TASK REQUIREMENTS:
Every line of the material is to be transcribed verbatim, with images omitted.

_ _ _ _ _ _ _

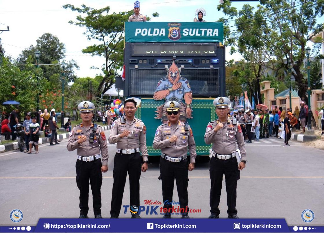 Direktur Lalu Lintas Polda Sultra, Kombes Pol. Dr. Argo Wiyono, S.H., S.I.K., M.Si., menyampaikan bahwa jajaran kepolisian telah melakukan monitoring, pengamanan, dan koordinasi bersama Dinas Perhubungan untuk memastikan kelancaran arus lalu lintas serta keamanan selama kegiatan berlangsung. Seluruh rangkaian pawai berjalan aman, tertib, dan kondusif.
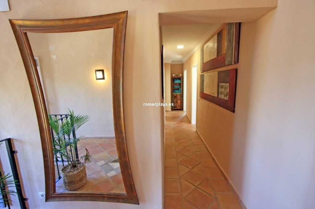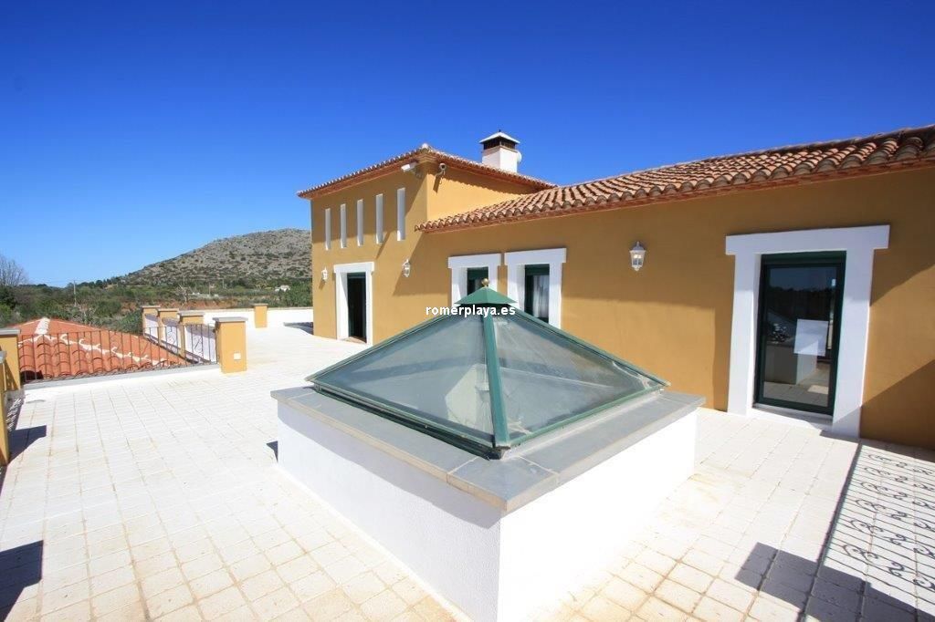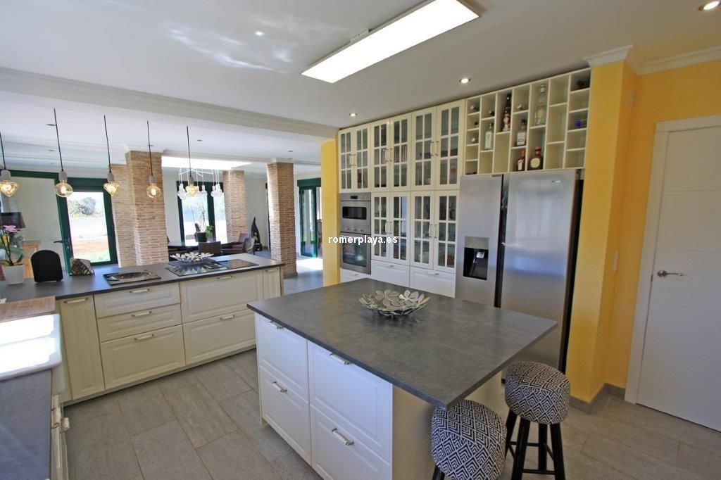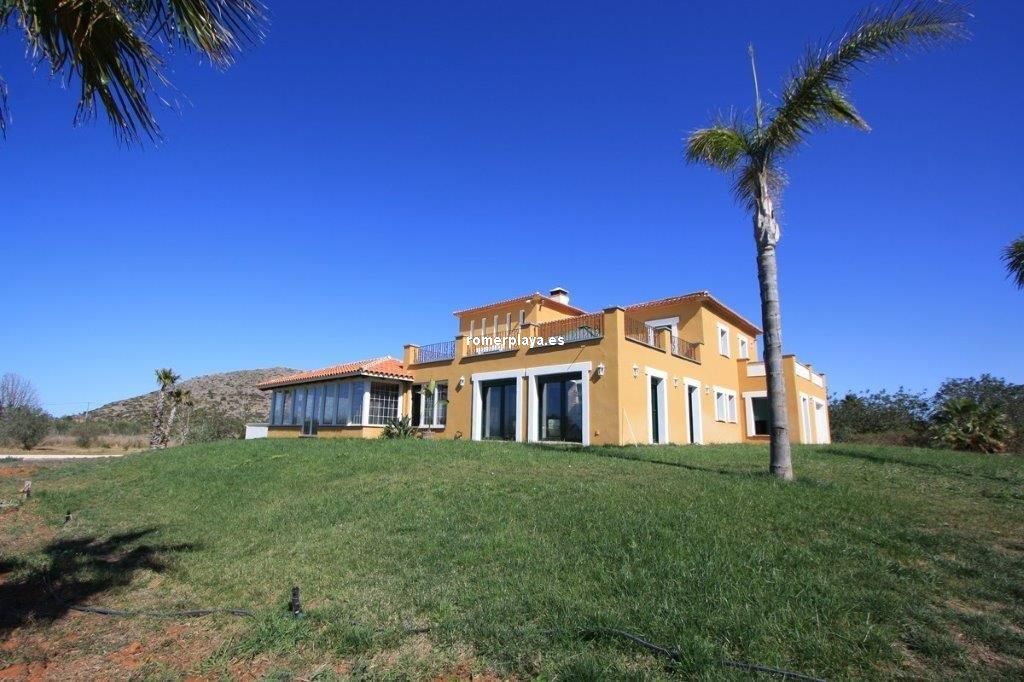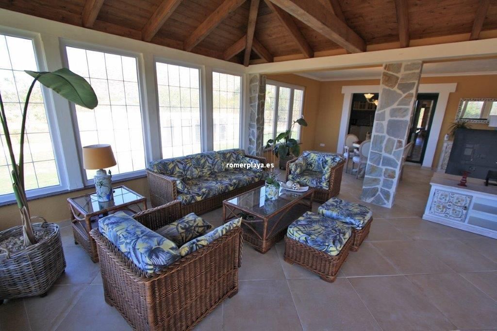 A la venta esta impresionante Villa-Mansión en el término municipal de Pedreguer pero que en realidad está mucho más cerca de La Jara - Dénia. Parcela rústica de más de 8.000 m2 completamente vallados con una vivienda en dos plantas con la siguiente distribución: Hall de entrada junto al primer salón con chimenea, 1 aseo de cortesía, cocina abierta con despensa y lavadero que conecta con el comedor con cúpula - tragaluz cenital, salida a una amplia terraza completamente acristalada donde se ha acondicionado otro comedor y otro salón/sala de estar. Por escalera interior de mármol ascendemos al dormitorio master con baño de hidromasaje ensuite incorporado, balcón interior con vestidor además de salida a una amplia terraza descubierta con vistas panorámicas a las montañas. En esta misma planta existen otros 3 dormitorios todos con armarios y salida a la misma terraza antes mencionada y otro cuarto de baño completo con ducha y bañera de hidromasaje. A señalar que en la planta baja, en el ala este y oeste existen 2 estudios independientes cada uno con 1 dormitorio, 1 baño y 1 cocina independientes. Acabados con los mejores materiales: Suelo de barro, gres, mármol, madera, ventanas de aluminio con doble cristal y persianas eléctricas, aire acondicionado frío-calor individual, cocinas completamente equipadas etc... La propiedad dispone de amplias zonas verdes, carpot cubierto para varios vehículos y está orientado a los 4 puntos cardinales sin problemas de sombras, siempre soleado y con la tranquilidad de vivir en el campo sin ruido alguno. Zona agricola a escasos 7 km de Dénia y sus playas o a 5 km del centro comercial El Portal de La Marina junto a la autopista A-7.
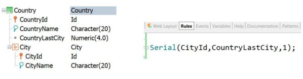 Define the Serial rule in the Country transaction, to generate the autonumbering of the CityId attribute. For this you must define an auxiliary attribute in the head to store the last assigned value:
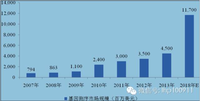 2007-2018年全球基因測(cè)序市場(chǎng)規(guī)模圖:
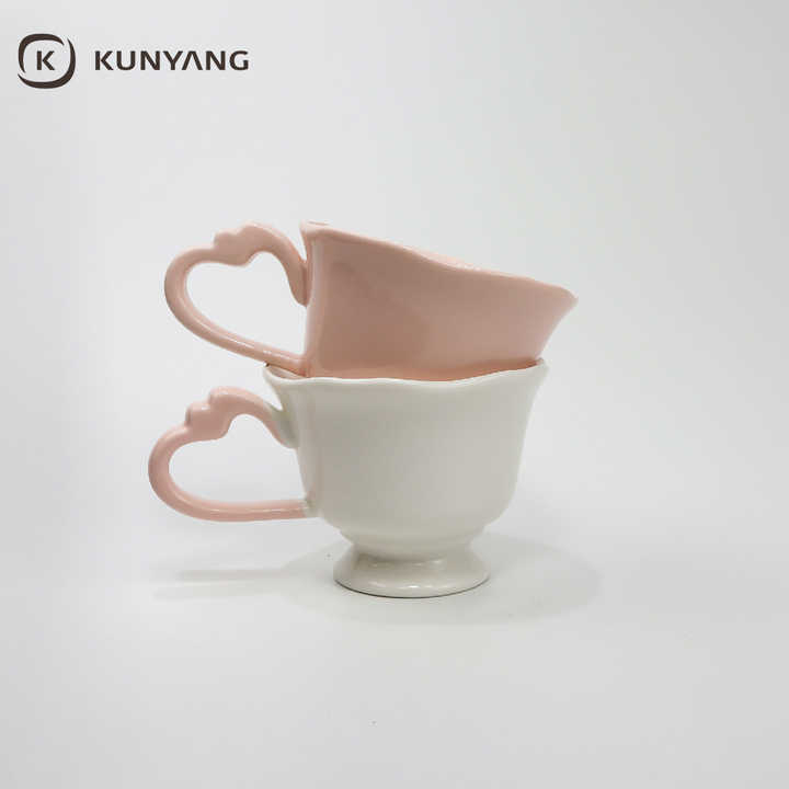 Taza de Cerámica de Gres a Precio de Fábrica, Taza Irregular con Borde Creativo y Asa de Corazón, Taza de Cerámica de Boca Ancha para el Hogar o Regalo
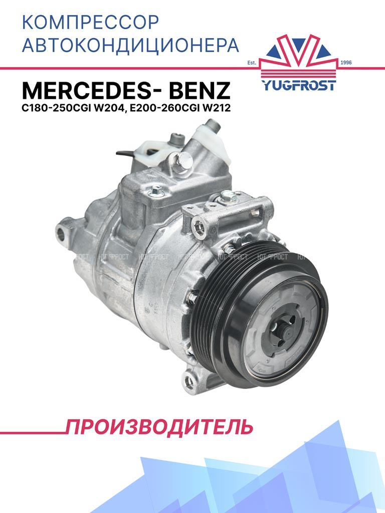 Компрессоры YUGFROST подходят для автомобилей Мерседес-бенц W204, Мерседес-бенц W212. Проверить совместимость по OEM номерам можно во вкладке Применяемость.

_ _ _ _ _ _ _

TASK RESULT:
 Direktur Lalu Lintas Polda Sultra, Kombes Pol. Dr. Argo Wiyono, S.H., S.I.K., M.Si., menyampaikan bahwa jajaran kepolisian telah melakukan monitoring, pengamanan, dan koordinasi bersama Dinas Perhubungan untuk memastikan kelancaran arus lalu lintas serta keamanan selama kegiatan berlangsung. Seluruh rangkaian pawai berjalan aman, tertib, dan kondusif.
 A la venta esta impresionante Villa-Mansión en el término municipal de Pedreguer pero que en realidad está mucho más cerca de La Jara - Dénia. Parcela rústica de más de 8.000 m2 completamente vallados con una vivienda en dos plantas con la siguiente distribución: Hall de entrada junto al primer salón con chimenea, 1 aseo de cortesía, cocina abierta con despensa y lavadero que conecta con el comedor con cúpula - tragaluz cenital, salida a una amplia terraza completamente acristalada donde se ha acondicionado otro comedor y otro salón/sala de estar. Por escalera interior de mármol ascendemos al dormitorio master con baño de hidromasaje ensuite incorporado, balcón interior con vestidor además de salida a una amplia terraza descubierta con vistas panorámicas a las montañas. En esta misma planta existen otros 3 dormitorios todos con armarios y salida a la misma terraza antes mencionada y otro cuarto de baño completo con ducha y bañera de hidromasaje. A señalar que en la planta baja, en el ala este y oeste existen 2 estudios independientes cada uno con 1 dormitorio, 1 baño y 1 cocina independientes. Acabados con los mejores materiales: Suelo de barro, gres, mármol, madera, ventanas de aluminio con doble cristal y persianas eléctricas, aire acondicionado frío-calor individual, cocinas completamente equipadas etc... La propiedad dispone de amplias zonas verdes, carpot cubierto para varios vehículos y está orientado a los 4 puntos cardinales sin problemas de sombras, siempre soleado y con la tranquilidad de vivir en el campo sin ruido alguno. Zona agricola a escasos 7 km de Dénia y sus playas o a 5 km del centro comercial El Portal de La Marina junto a la autopista A-7.
 Define the Serial rule in the Country transaction, to generate the autonumbering of the CityId attribute. For this you must define an auxiliary attribute in the head to store the last assigned value:
 2007-2018年全球基因測(cè)序市場(chǎng)規(guī)模圖:
 Taza de Cerámica de Gres a Precio de Fábrica, Taza Irregular con Borde Creativo y Asa de Corazón, Taza de Cerámica de Boca Ancha para el Hogar o Regalo
 Компрессоры YUGFROST подходят для автомобилей Мерседес-бенц W204, Мерседес-бенц W212. Проверить совместимость по OEM номерам можно во вкладке Применяемость.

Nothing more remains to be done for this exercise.